→ **GIVEN DATA**
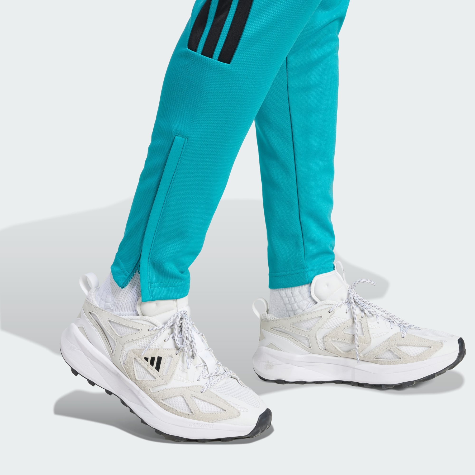 The adidas Tiro pants let you bring your A-game to any occasion. Moisture-absorbing AEROREADY keeps you comfortable and dry, so you're always ready for the next move. Signature 3-Stripes create an iconic look. Zips make them easy to take on and off without removing your shoes. This product is made with 100% recycled materials. By reusing materials that have already been created, we help to reduce waste and our reliance on finite resources and reduce the footprint of the products we make.
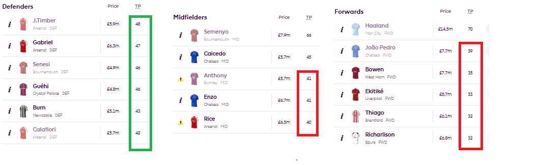 - But in addition, we have coincided with a separate lack of strong attacking midfielders, either due to injury (Palmer, Saka), and/or poor form (Salah, Watkins), and/or diluted distributed returns (Liverpool players).
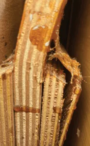 Poor bonding. Many of the bulkheads pulled away from the hull or adjacent structure without signs of wood failure. It appears the glue did not bond properly. This suggests a lack of surface preparation before bonding.

→ **WHAT IS BEING ASKED**
The material above must be set down word for word, with no picture carried over.

→ **REPLY TO THE EXERCISE**
 The adidas Tiro pants let you bring your A-game to any occasion. Moisture-absorbing AEROREADY keeps you comfortable and dry, so you're always ready for the next move. Signature 3-Stripes create an iconic look. Zips make them easy to take on and off without removing your shoes. This product is made with 100% recycled materials. By reusing materials that have already been created, we help to reduce waste and our reliance on finite resources and reduce the footprint of the products we make.
 - But in addition, we have coincided with a separate lack of strong attacking midfielders, either due to injury (Palmer, Saka), and/or poor form (Salah, Watkins), and/or diluted distributed returns (Liverpool players).
 Poor bonding. Many of the bulkheads pulled away from the hull or adjacent structure without signs of wood failure. It appears the glue did not bond properly. This suggests a lack of surface preparation before bonding.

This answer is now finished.